## Exercise instructions
Leave the images out, and otherwise write out each entry exactly.

## Records provided
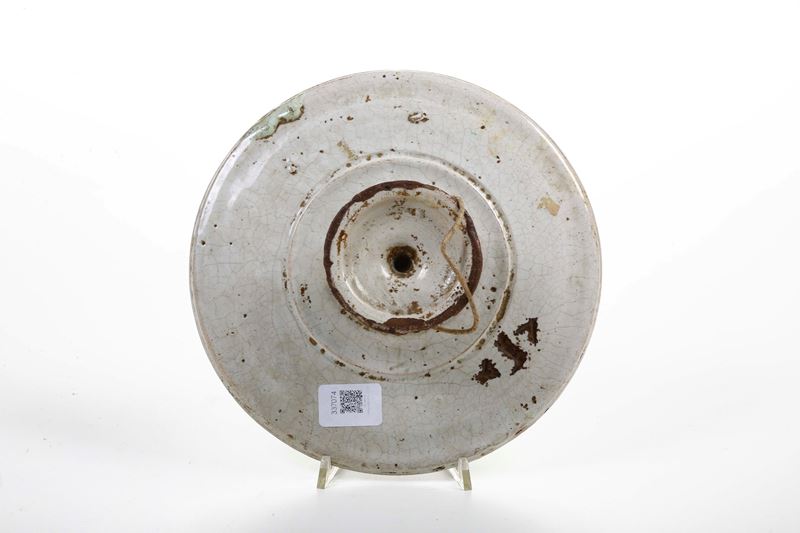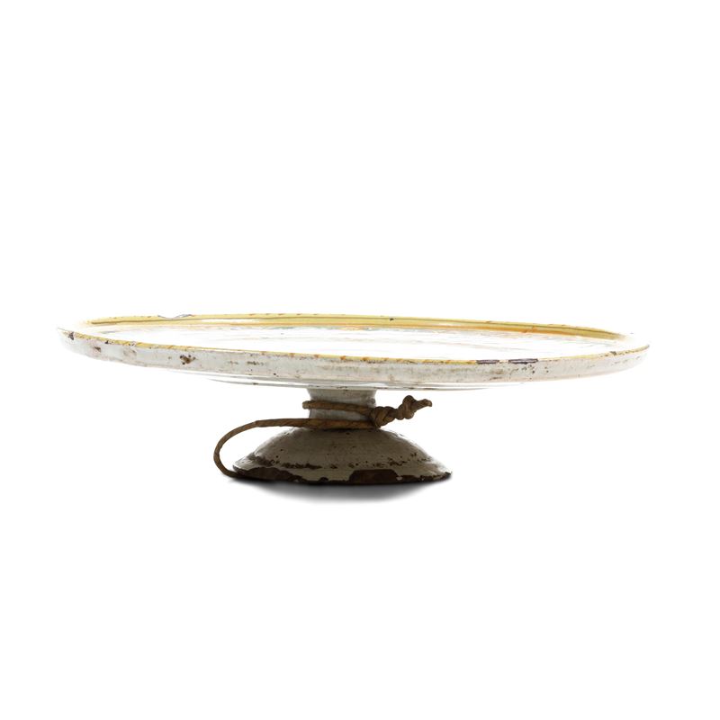 Maiolica. Dimensioni: altezza cm 6; diametro cm 25,3. Conservazione: ottima; piccole sbeccature ai bordi
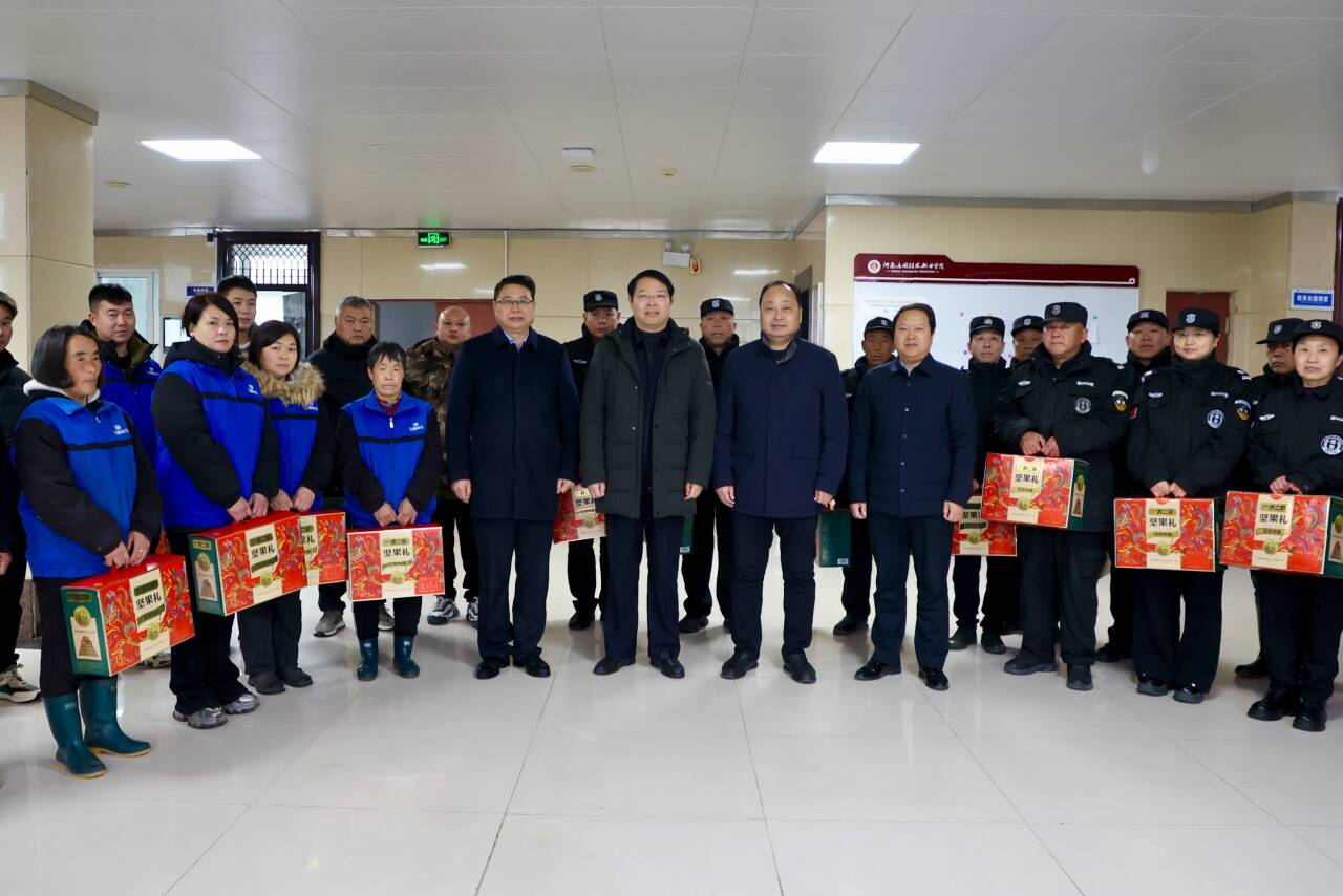 祥龙腾空辞旧岁,金蛇献瑞迎春来。乙巳蛇年春节前后,校党委书记闫俊山、校长薄新党亲切走访慰问春节期间坚守岗位的值班工作人员和一线值守人员,向大家送去节日问候和新年祝福。党委副书记、开封校区管委会主任魏新华,副校长刘振民、常新中陪同走访慰问。
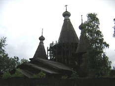 Уникальная трехшатровая композиция с общей большой трапезной. Центральный шатер уже давненько в лесах, но в целом состояние вполне приличное и годное для обозрения с удовольствием. Рядом выдержанная в том же стиле часовня. Всё это на берегу бурной реки Кемь, что добавляет эффекта.
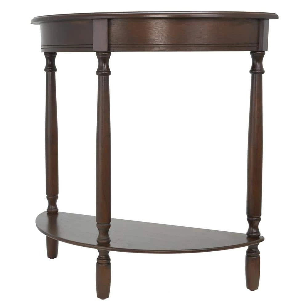 The traditionally designed Half Round Console Table is a multipurpose accent table. Imagine it greeting guests in the entryway, dressing a blank living room wall or even providing storage in a home office. A lower shelf doubles your storage capability. An elegant finish creates a stately look while the solids and MDF construction creates long lasting durability–combined this is timeless, functional console table. Easy to assemble. Table measures 28.25 in. x 11.8 in. x 28.25 in. Available in Walnut, antique white, eased edge black, antique teal, and eased edge, gray.
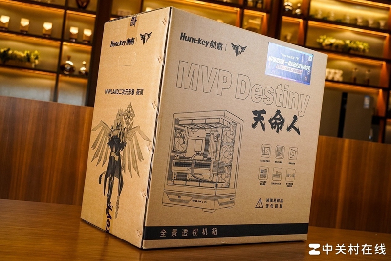 内层使用了非常厚实的硬纸板,侧面的内容,包括空心字体的“MVP Destiny”字体和毛笔字的“天命人”,以及机箱的效果图,纸箱的一端还有薇澜的2次元形象。除此之外,上面的贴纸还表明,航嘉还是玉麒麟CS2全国第二届高校联赛机电散唯一指定合作伙伴。

## Response area
 Maiolica. Dimensioni: altezza cm 6; diametro cm 25,3. Conservazione: ottima; piccole sbeccature ai bordi
 祥龙腾空辞旧岁,金蛇献瑞迎春来。乙巳蛇年春节前后,校党委书记闫俊山、校长薄新党亲切走访慰问春节期间坚守岗位的值班工作人员和一线值守人员,向大家送去节日问候和新年祝福。党委副书记、开封校区管委会主任魏新华,副校长刘振民、常新中陪同走访慰问。
 Уникальная трехшатровая композиция с общей большой трапезной. Центральный шатер уже давненько в лесах, но в целом состояние вполне приличное и годное для обозрения с удовольствием. Рядом выдержанная в том же стиле часовня. Всё это на берегу бурной реки Кемь, что добавляет эффекта.
 The traditionally designed Half Round Console Table is a multipurpose accent table. Imagine it greeting guests in the entryway, dressing a blank living room wall or even providing storage in a home office. A lower shelf doubles your storage capability. An elegant finish creates a stately look while the solids and MDF construction creates long lasting durability–combined this is timeless, functional console table. Easy to assemble. Table measures 28.25 in. x 11.8 in. x 28.25 in. Available in Walnut, antique white, eased edge black, antique teal, and eased edge, gray.
 内层使用了非常厚实的硬纸板,侧面的内容,包括空心字体的“MVP Destiny”字体和毛笔字的“天命人”,以及机箱的效果图,纸箱的一端还有薇澜的2次元形象。除此之外,上面的贴纸还表明,航嘉还是玉麒麟CS2全国第二届高校联赛机电散唯一指定合作伙伴。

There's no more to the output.